Work item: Give an exact copy of the data that follows, but none of its pictures.

Provided material:
*** Block opens ***
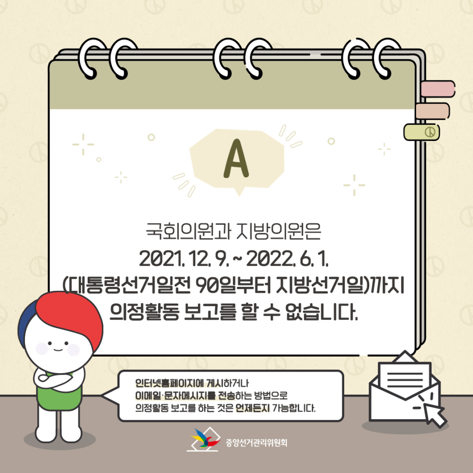 2021.12.9. ~ 2022.6.1.(대통령선거일전 90일부터 지방선거일)까지 의정활동 보고를 할 수 없습니다.
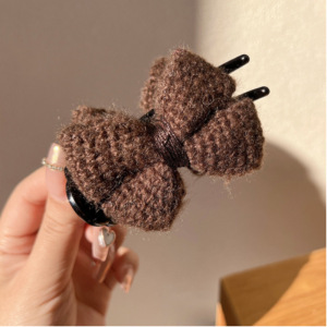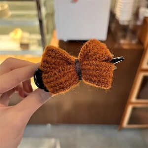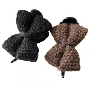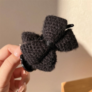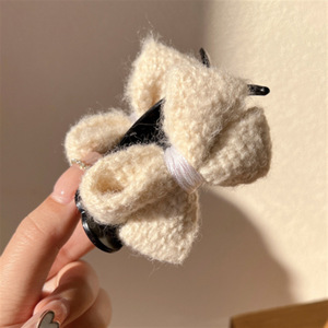 秋冬针织毛线蝴蝶结发夹女后脑勺抓夹鲨鱼夹丸子头发卡高马尾发饰
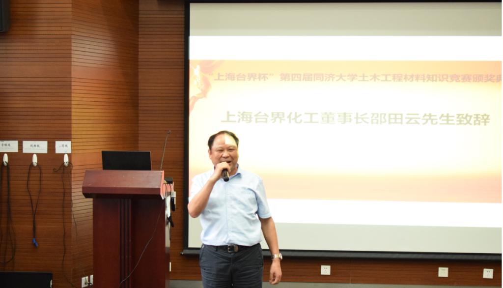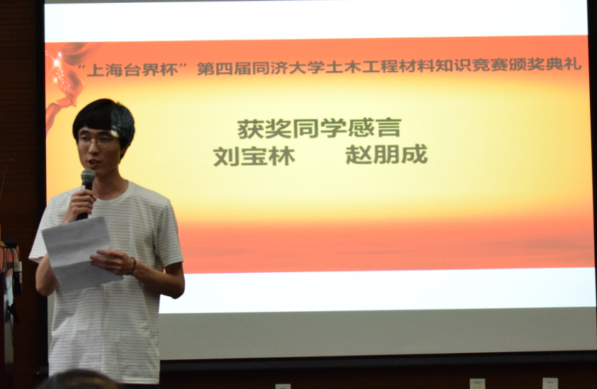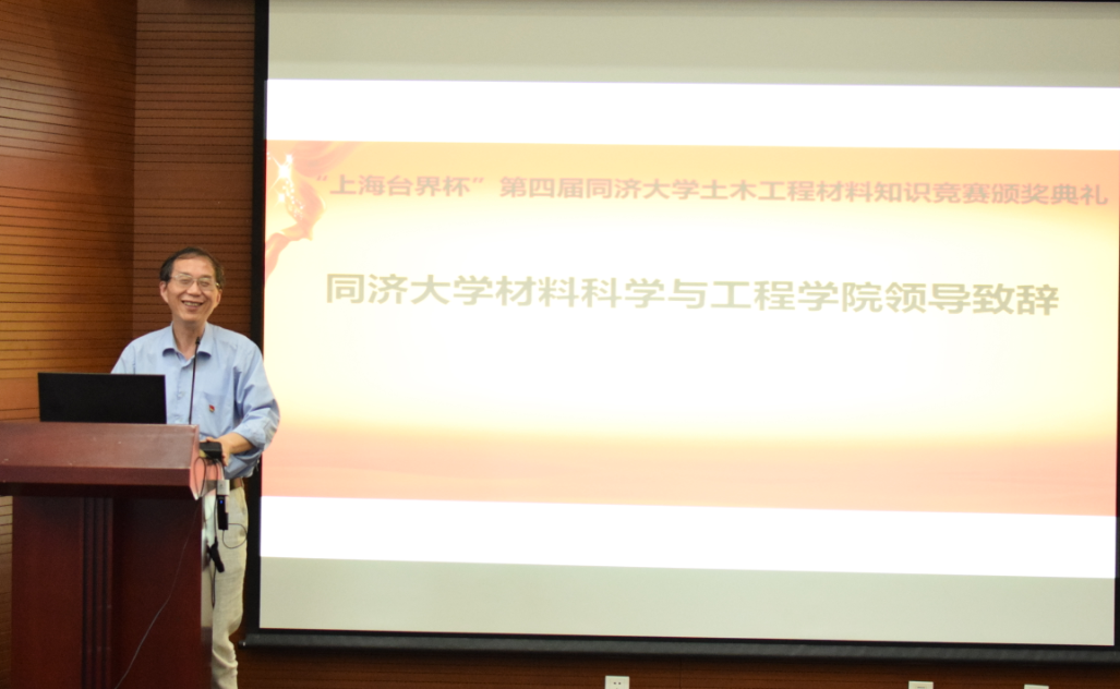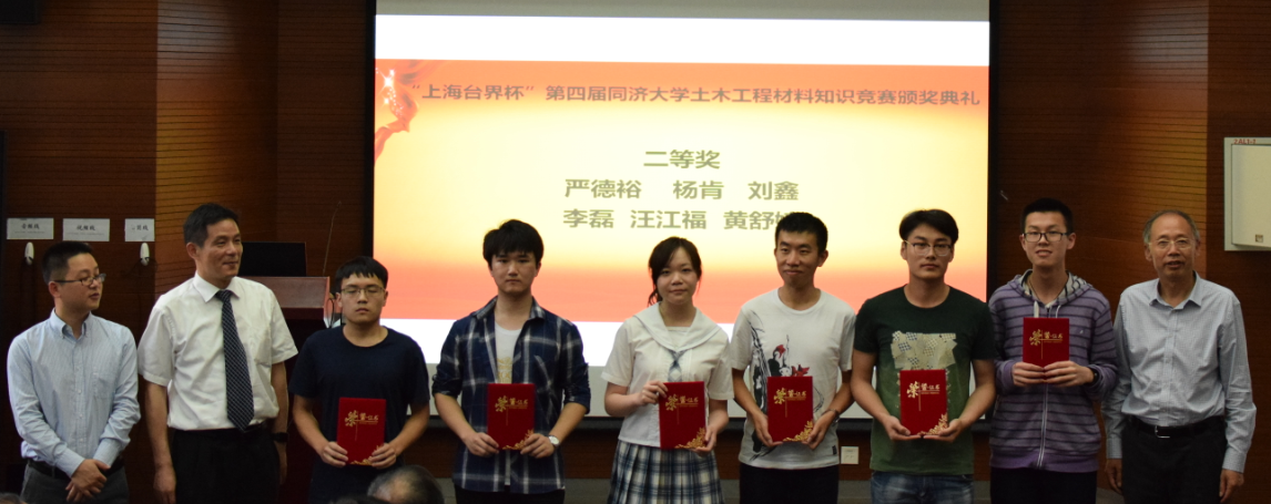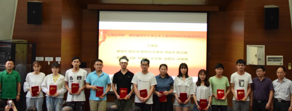 由欧博abg官方网站土木工程材料系、上海市土木工程学会、上海市混凝土行业协会、上海市建筑材料行业协会、上海市硅酸盐学会和上海市绿色建筑协会绿色建材专业委员会主办,上海台界化工有限公司协办的“上海台界杯”第四届欧博abg官方网站土木工程材料知识竞赛颁奖仪式,于2019年6月4日下午在欧博abg官方网站嘉定校区德才楼二楼报告厅成功举行。
*** Block closes ***
Reply:
 2021.12.9. ~ 2022.6.1.(대통령선거일전 90일부터 지방선거일)까지 의정활동 보고를 할 수 없습니다.
 秋冬针织毛线蝴蝶结发夹女后脑勺抓夹鲨鱼夹丸子头发卡高马尾发饰
 由欧博abg官方网站土木工程材料系、上海市土木工程学会、上海市混凝土行业协会、上海市建筑材料行业协会、上海市硅酸盐学会和上海市绿色建筑协会绿色建材专业委员会主办,上海台界化工有限公司协办的“上海台界杯”第四届欧博abg官方网站土木工程材料知识竞赛颁奖仪式,于2019年6月4日下午在欧博abg官方网站嘉定校区德才楼二楼报告厅成功举行。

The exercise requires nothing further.